_Collected material_.
═══

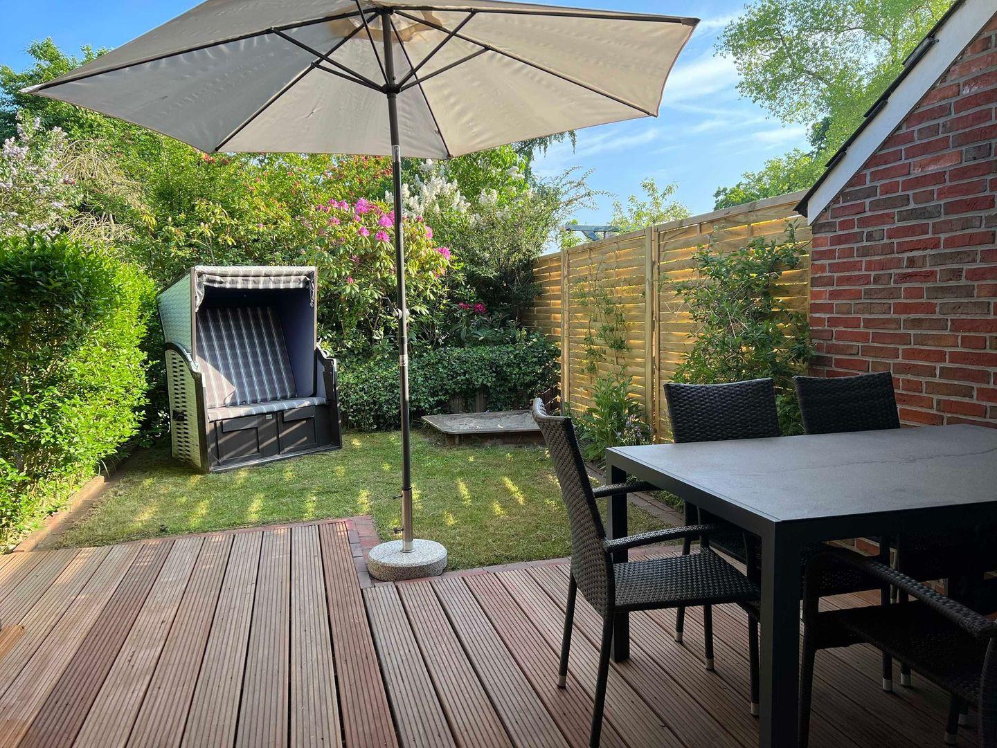 Besonderes Augenmerk wurde auf die Gestaltung des Außenbereichs gelegt. Die überdachte Terrasse lädt mit Gartenmöbeln, Sonnenliegen und einem Strandkorb zum Verweilen ein. Ein Sonnenschutz sorgt an sonnigen Tagen für angenehme Temperaturen, während der eigene Garten mit Liegewiese, Windschutz und eingezäuntem Grundstück auch den Bedürfnissen von Kindern besonders gerecht wird. Das Grundstück ist kindersicher umzäunt. Das Gartenhaus bietet zusätzlichen Stauraum für Ihre Fahrräder oder Freizeitutensilien. Ein Bollerwagen ist ebenfalls vorhanden.
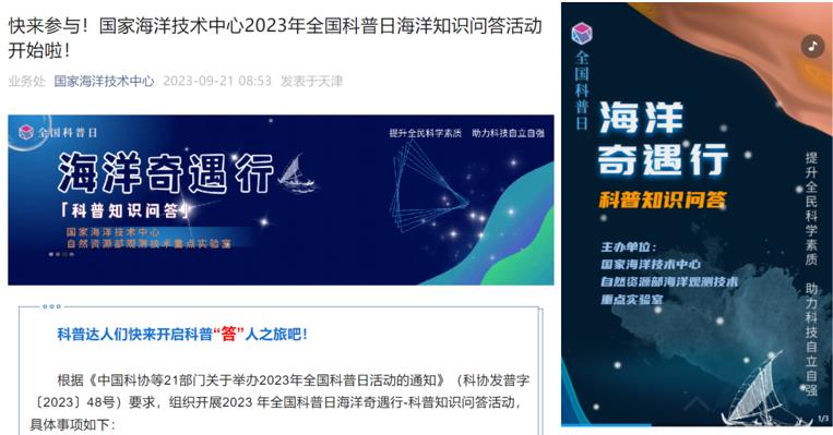 為了加強公眾對海洋技術(shù)進展的認(rèn)識,9月21日,中心通過中心公眾號開展科普知識問答活動,引發(fā)了廣泛的關(guān)注。根據(jù)統(tǒng)計,瀏覽量1000余次,參與人數(shù)150余人次,取得了良好的科普宣傳效果。
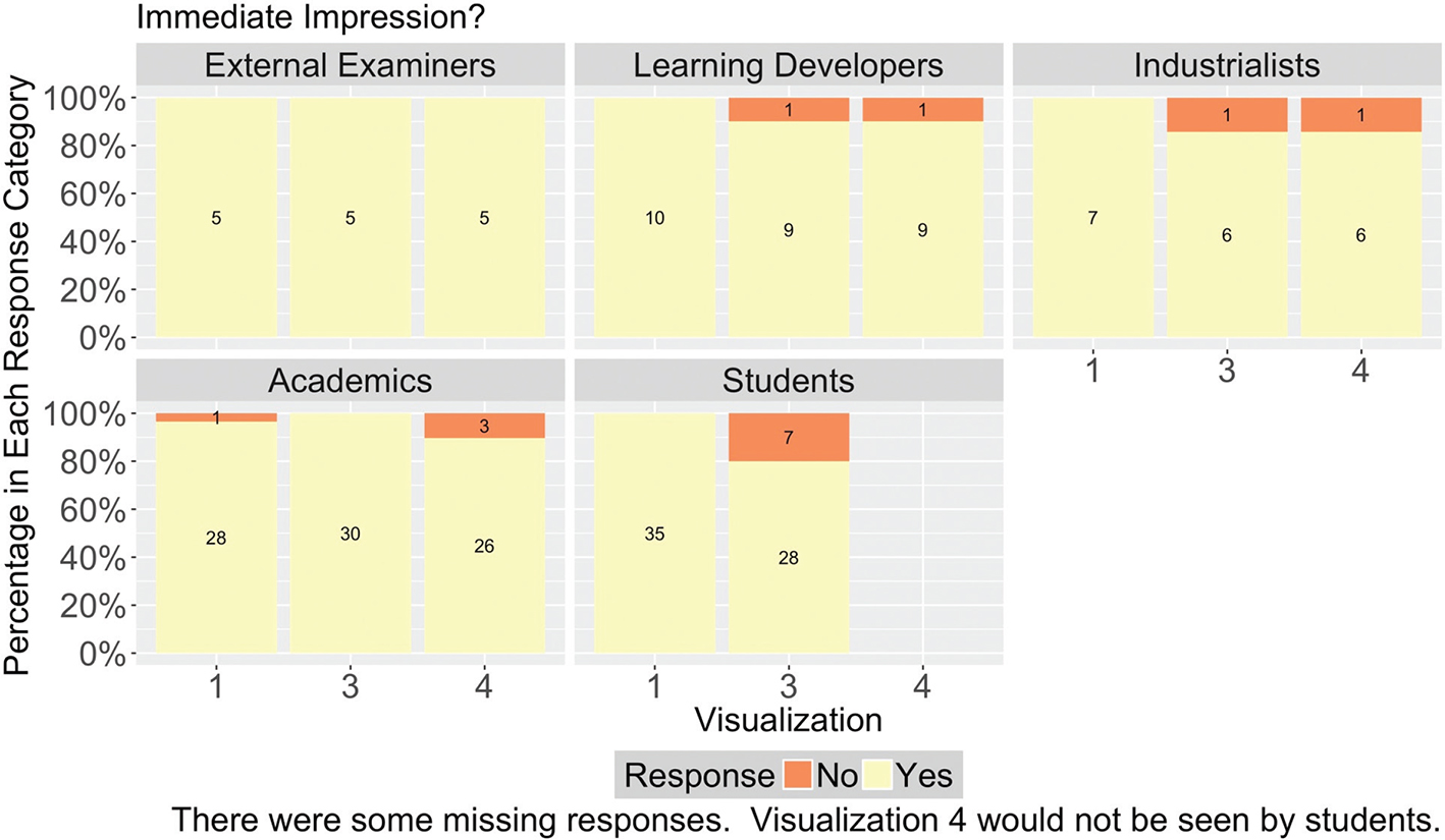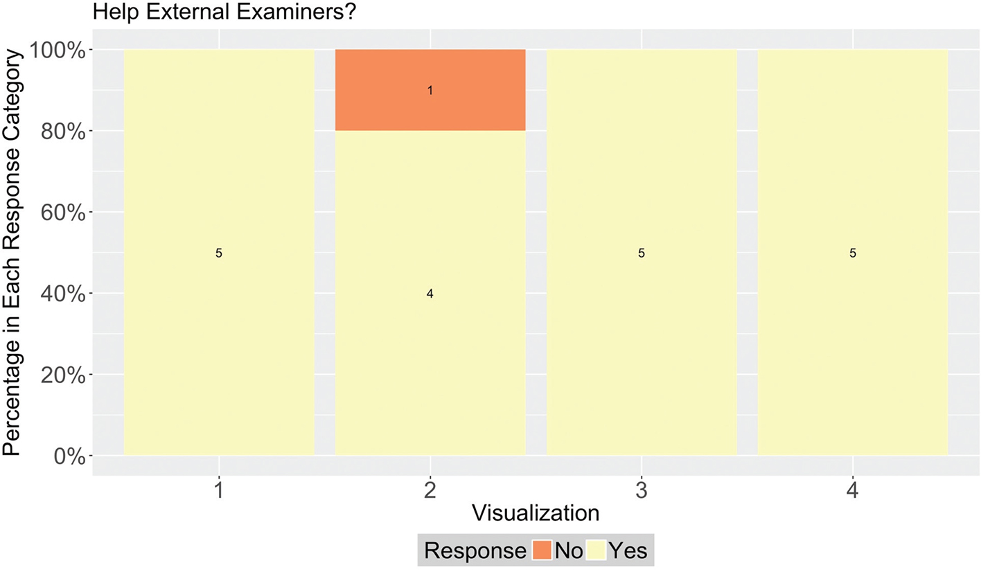 Figure 7 presents the responses to the question ‘Does this graph help you to do your job as an external examiner?’ For Visualisations 1, 3 and 4, there was complete agreement that these graphs helped. However, one of the five external examiners did not find that Visualisation 2 helped.

═══

_Exercise brief_. Once you find the line that contains "為了加強公眾對海洋技術(sh", give it again along with every later line through the end of the data, word for word, minus the pictures.

_Exercise solution_.
 為了加強公眾對海洋技術(shù)進展的認(rèn)識,9月21日,中心通過中心公眾號開展科普知識問答活動,引發(fā)了廣泛的關(guān)注。根據(jù)統(tǒng)計,瀏覽量1000余次,參與人數(shù)150余人次,取得了良好的科普宣傳效果。
 Figure 7 presents the responses to the question ‘Does this graph help you to do your job as an external examiner?’ For Visualisations 1, 3 and 4, there was complete agreement that these graphs helped. However, one of the five external examiners did not find that Visualisation 2 helped.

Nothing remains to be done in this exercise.